Task to complete: For each line in the data below that has the word "tedesca", copy that line.

Material provided:

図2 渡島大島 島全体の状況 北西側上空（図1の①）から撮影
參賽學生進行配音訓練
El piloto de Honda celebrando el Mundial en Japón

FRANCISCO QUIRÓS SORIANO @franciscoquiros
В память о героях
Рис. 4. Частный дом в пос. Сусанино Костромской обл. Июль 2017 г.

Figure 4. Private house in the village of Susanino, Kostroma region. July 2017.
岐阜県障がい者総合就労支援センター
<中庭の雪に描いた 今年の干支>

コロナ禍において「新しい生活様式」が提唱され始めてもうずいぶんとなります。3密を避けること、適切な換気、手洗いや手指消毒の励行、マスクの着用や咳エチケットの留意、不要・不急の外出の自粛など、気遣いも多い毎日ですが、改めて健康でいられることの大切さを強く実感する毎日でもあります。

==

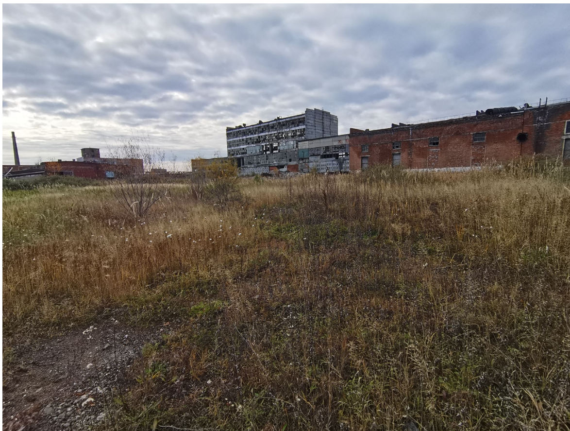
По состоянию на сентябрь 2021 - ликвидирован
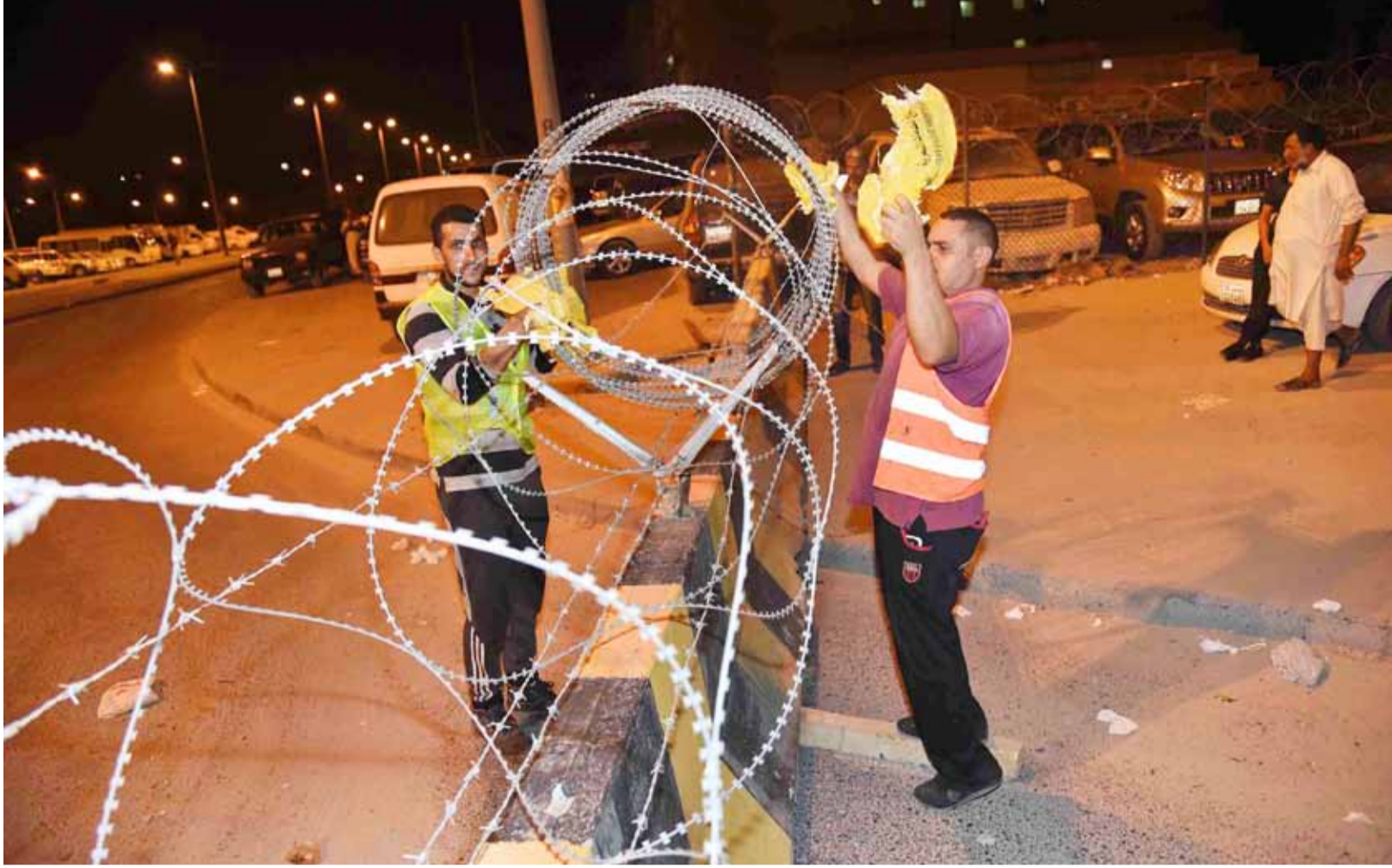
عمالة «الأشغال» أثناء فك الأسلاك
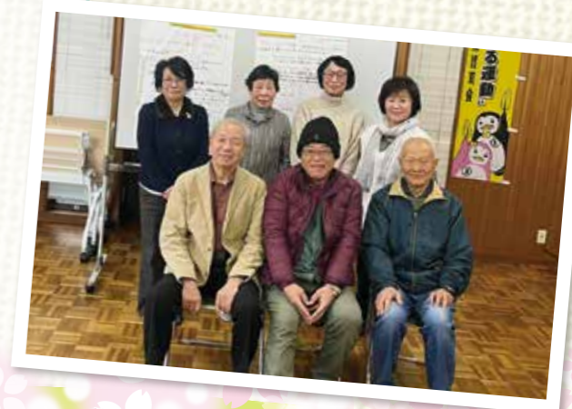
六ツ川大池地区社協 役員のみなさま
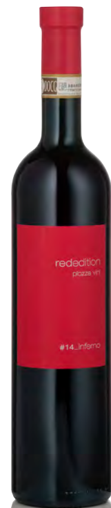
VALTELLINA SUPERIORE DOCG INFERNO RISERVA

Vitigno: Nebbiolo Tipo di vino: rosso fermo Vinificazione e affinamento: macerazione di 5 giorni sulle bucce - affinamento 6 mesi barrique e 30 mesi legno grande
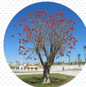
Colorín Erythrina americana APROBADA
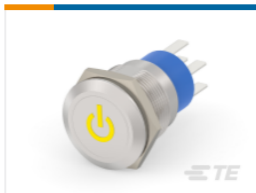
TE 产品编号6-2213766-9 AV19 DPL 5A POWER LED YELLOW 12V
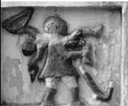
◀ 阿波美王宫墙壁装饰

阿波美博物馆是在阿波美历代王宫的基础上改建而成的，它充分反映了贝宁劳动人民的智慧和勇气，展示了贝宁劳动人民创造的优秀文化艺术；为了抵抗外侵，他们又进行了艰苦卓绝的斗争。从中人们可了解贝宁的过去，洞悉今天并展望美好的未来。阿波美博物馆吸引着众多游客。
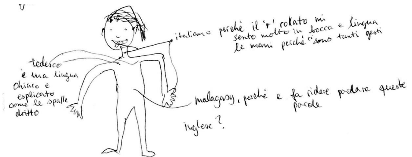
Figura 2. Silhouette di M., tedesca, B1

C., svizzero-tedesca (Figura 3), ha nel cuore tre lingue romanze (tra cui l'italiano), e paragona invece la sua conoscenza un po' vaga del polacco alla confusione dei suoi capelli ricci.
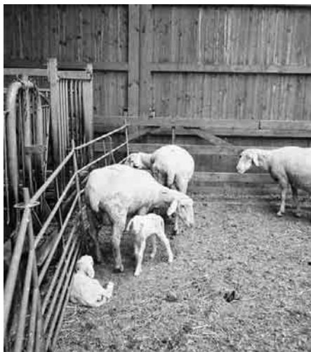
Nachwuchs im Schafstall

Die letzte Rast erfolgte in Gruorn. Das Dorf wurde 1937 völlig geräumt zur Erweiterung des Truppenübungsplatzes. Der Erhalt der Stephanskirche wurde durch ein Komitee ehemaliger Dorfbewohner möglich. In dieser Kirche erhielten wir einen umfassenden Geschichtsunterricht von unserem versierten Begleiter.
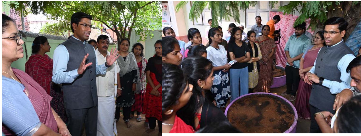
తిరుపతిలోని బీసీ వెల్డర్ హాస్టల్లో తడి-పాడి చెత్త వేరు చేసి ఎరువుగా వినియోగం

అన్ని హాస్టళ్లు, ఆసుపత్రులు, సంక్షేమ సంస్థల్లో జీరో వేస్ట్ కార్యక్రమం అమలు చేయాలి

==

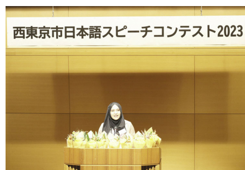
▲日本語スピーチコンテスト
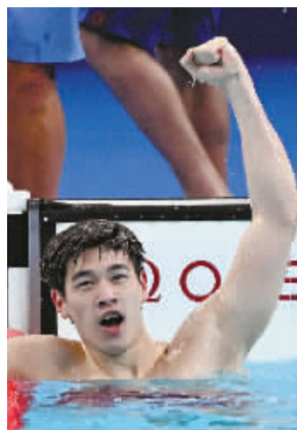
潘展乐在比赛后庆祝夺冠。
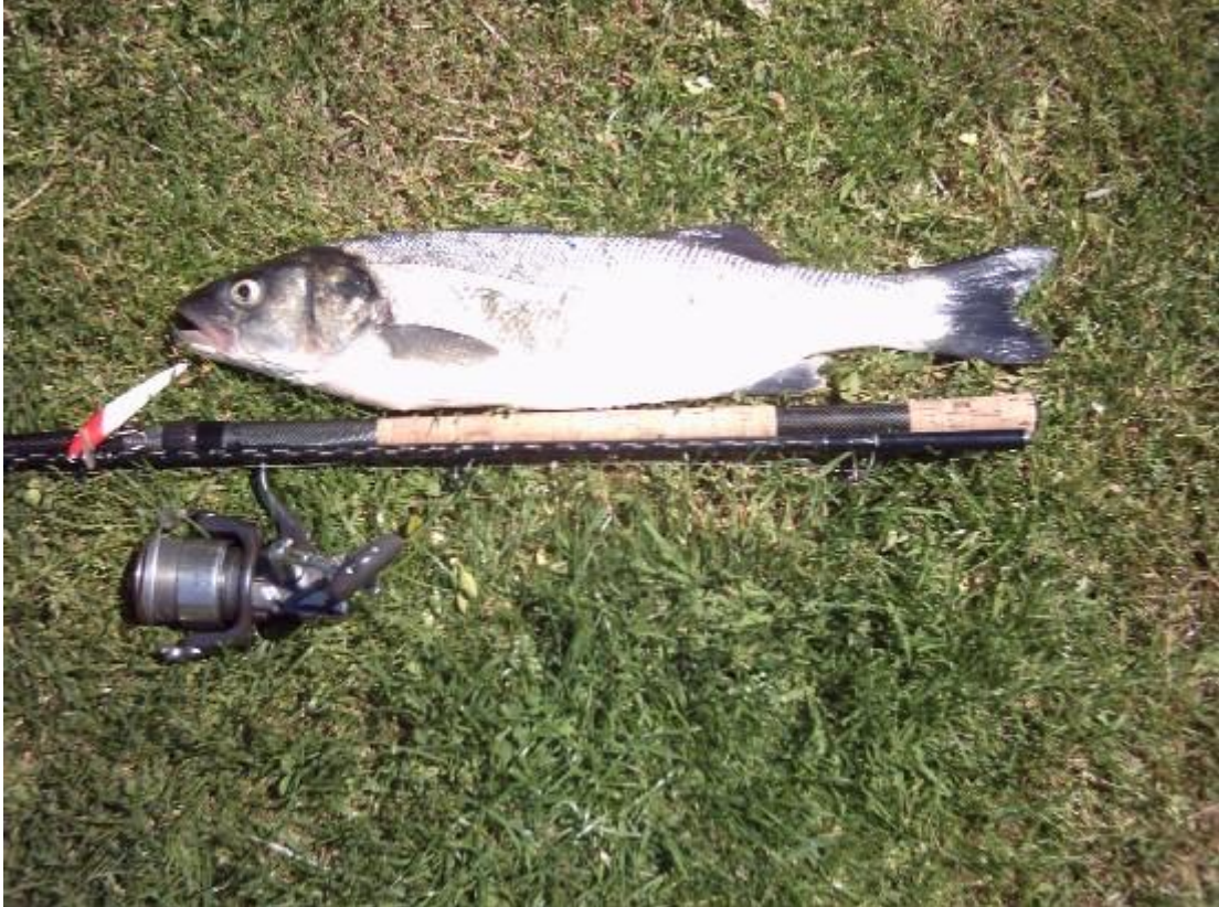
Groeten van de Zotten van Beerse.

Output below:
Figura 2. Silhouette di M., tedesca, B1
C., svizzero-tedesca (Figura 3), ha nel cuore tre lingue romanze (tra cui l'italiano), e paragona invece la sua conoscenza un po' vaga del polacco alla confusione dei suoi capelli ricci.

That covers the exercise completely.